» EXERCISE INSTRUCTIONS
Your task is to repeat exactly the lines from the one with "Burgundy Blush Flowers" through the end of the records, both included; please leave the pictures out.

» DATA FOR ANALYSIS
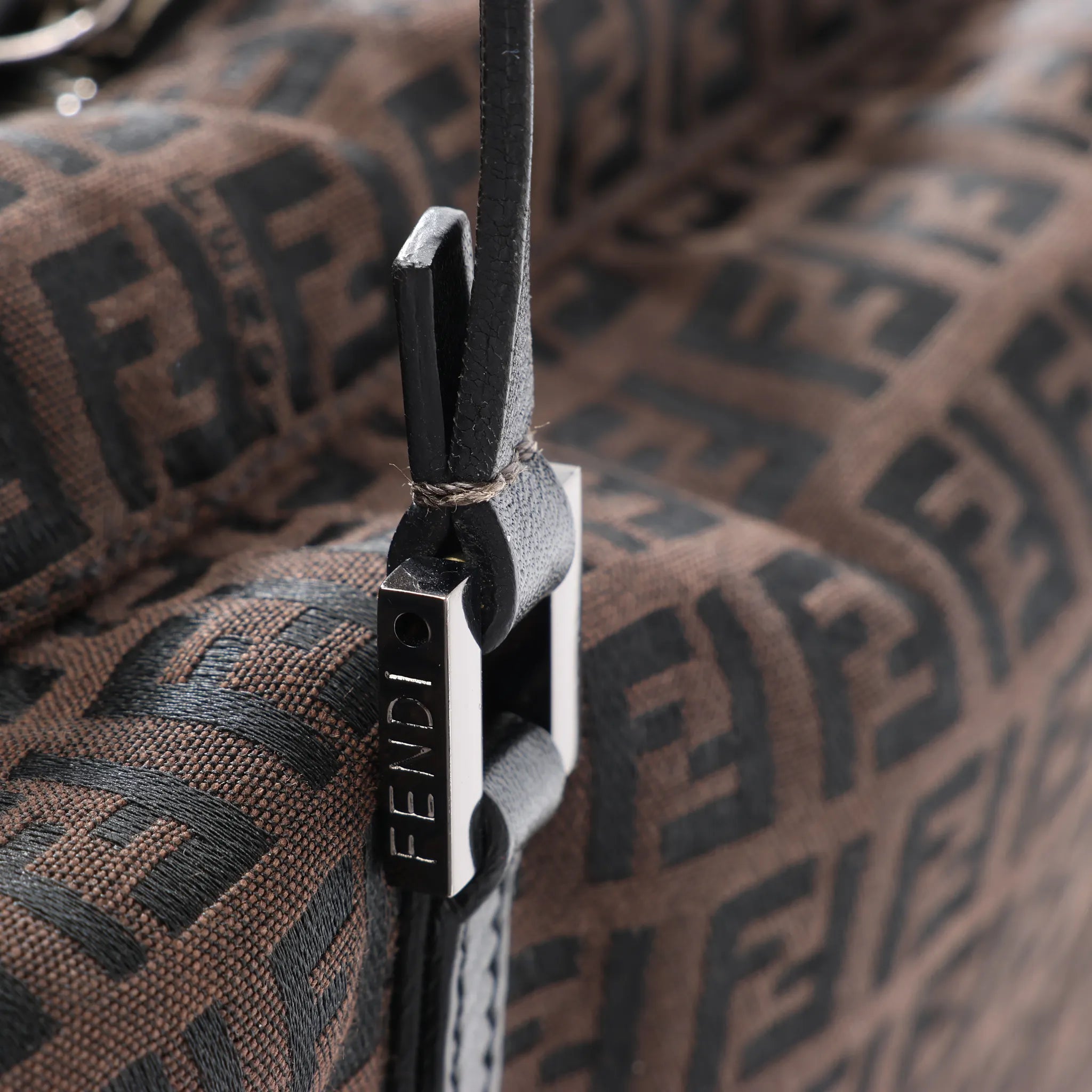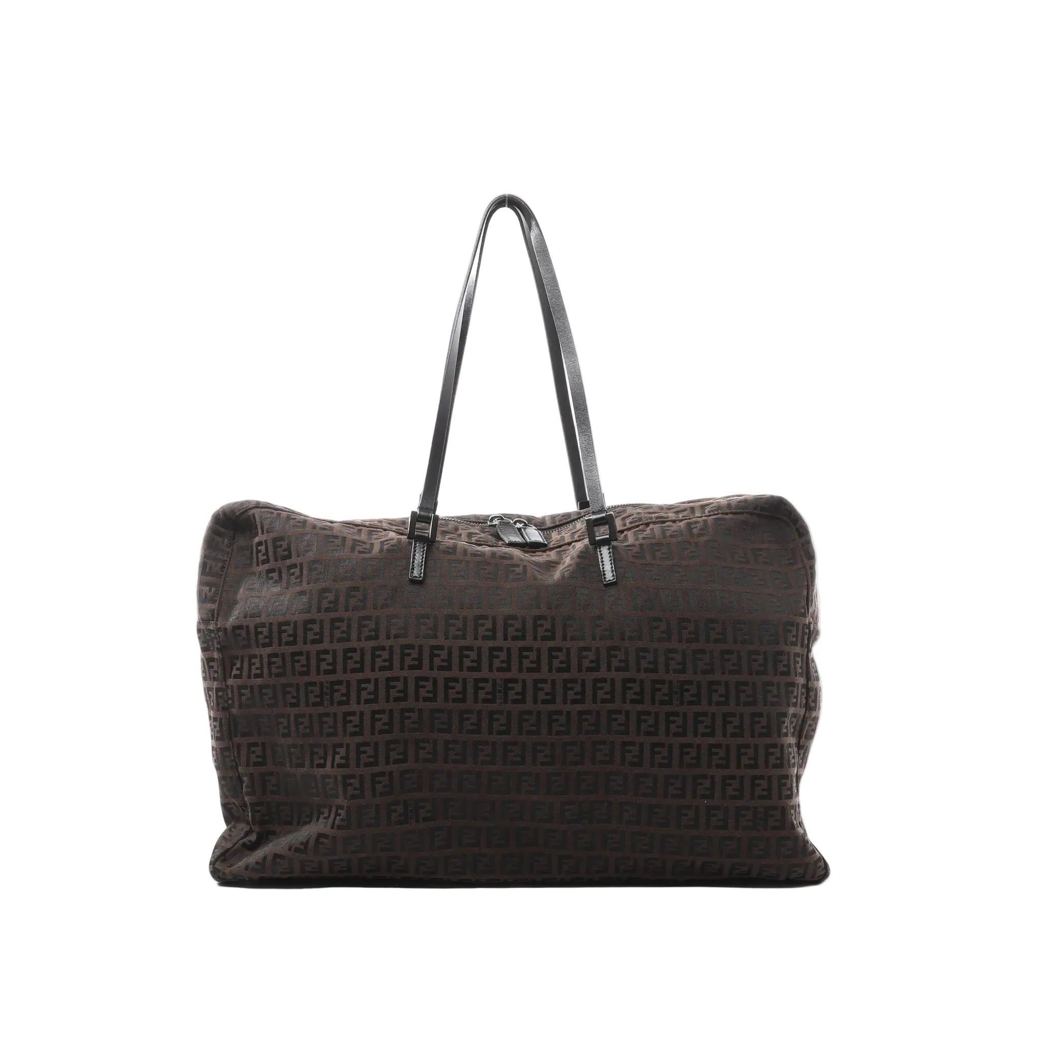 Brand: FENDI Model: OtherSize: LargeWidth: 38 cmHeight: 29 cmExterior Condition: ExcellentInterior Condition: ExcellentCondition Details: The exterior is clean and excellent condition, but with some creases and there is light snag. The leather handles are clean and in great condition with light crease and some rubibngs. The hardware is bright, but has scratches. The interior is in excellent condition.Colour: BrownInterior Colour: BrownHardware Colour: SilverMaterial: Cloth, LeatherComes With: -
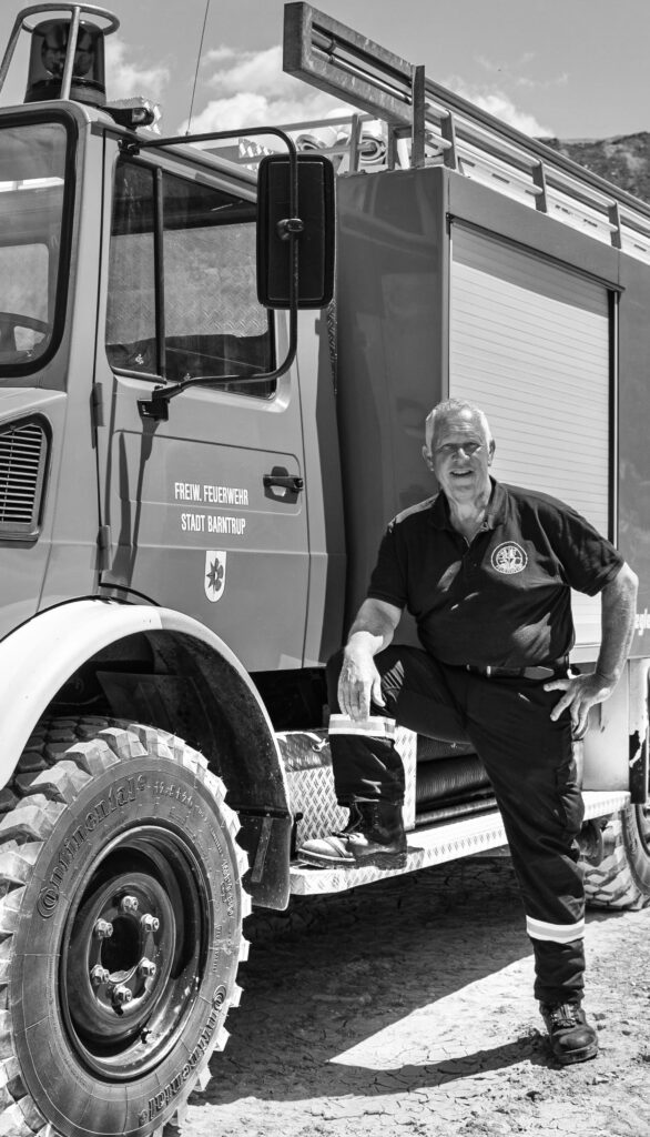 Der Feuerwehrdienst und insbesondere die Aufgabe, Menschen in Notlagen zu helfen, Ihr Hab und Gut zu schützen, war für ihn Ehrensache. Hans-Georg ist am 01.10.1976 im Alter von 19 Jahren in die Freiwillige Feuerwehr eingetreten und wurde dort in der Einheit Barntrup eingesetzt. In den folgenden Jahren hat er seine Grundausbildung abgeschlossen und konnte bereits 1982 den Truppführer-Lehrgang und 1987 dann auch den Gruppenführer-Lehrgang besuchen. Mit erfolgreichem Abschluss folgte 1988 die Beförderung zum Brandmeister. Weitere Beförderungen bis hin zum Hauptbrandmeister im Jahr 2002 schlossen sich an. Darauf hat sich Schorse aber nicht ausgeruht und so hat er weitere Lehrgänge besucht wie z.B. den Drehleiter-Maschinisten Lehrgang auf Landes- und auf Stadtebene sowie regelmäßig an Sonderausbildungen teilgenommen, um sich immer wieder auf den aktuellen Stand zu bringen und sein Wissen zu vertiefen. Gerade die Drehleiter und sonstigen Großfahrzeuge haben es ihm jedoch angetan und so war er bei Einsätzen oft auf dem Fahrersitz anzutreffen.
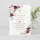 Burgundy Blush Flowers Gold Frame Cross Baptism Invitation
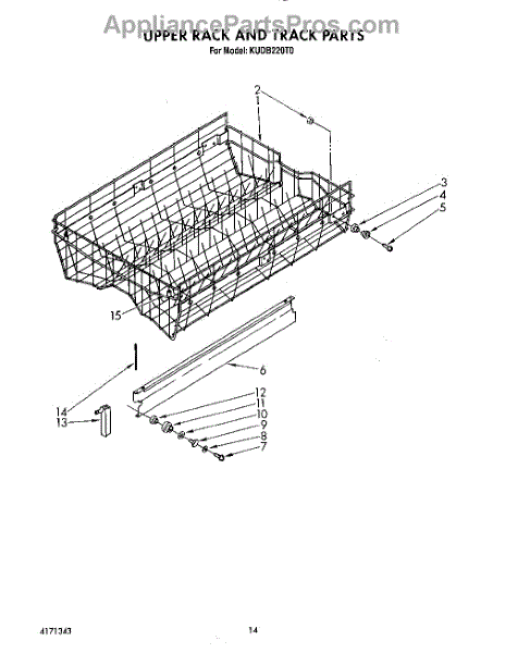 Parts for Kitchenaid KUDB220T0: 11 - Upper Rack And Track Parts
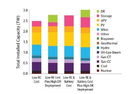 值得關注的是,即使沒有額外的碳減排政策,可再生能源和儲能系統(tǒng)也會得到大量部署,這表明它們作為提供能源和容量服務的資源的成本競爭力日益增強。
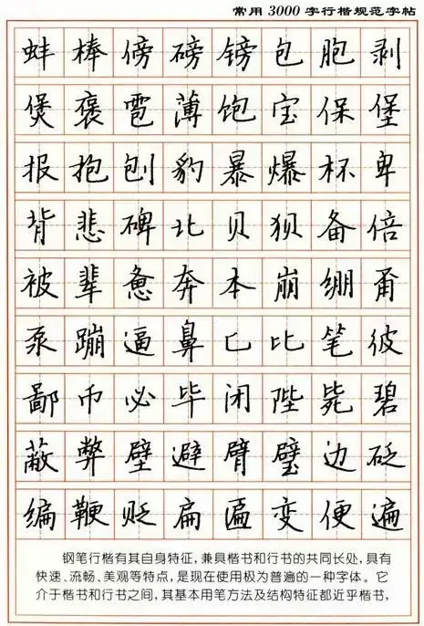 硬笔书法欣赏:行楷钢笔字帖作品常用3000字
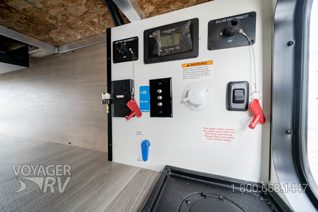 - Solar Package: 200W Roof Mounted Solar Panel, Roof Mounted Quick Connect Plugs, 30AMP Charge Controller, Solar Disconnect Switch, Battery Disconnect Switch, 12V Refrigerator.

» SOLUTION FOR THIS TASK
 Burgundy Blush Flowers Gold Frame Cross Baptism Invitation
 Parts for Kitchenaid KUDB220T0: 11 - Upper Rack And Track Parts
 值得關注的是,即使沒有額外的碳減排政策,可再生能源和儲能系統(tǒng)也會得到大量部署,這表明它們作為提供能源和容量服務的資源的成本競爭力日益增強。
 硬笔书法欣赏:行楷钢笔字帖作品常用3000字
 - Solar Package: 200W Roof Mounted Solar Panel, Roof Mounted Quick Connect Plugs, 30AMP Charge Controller, Solar Disconnect Switch, Battery Disconnect Switch, 12V Refrigerator.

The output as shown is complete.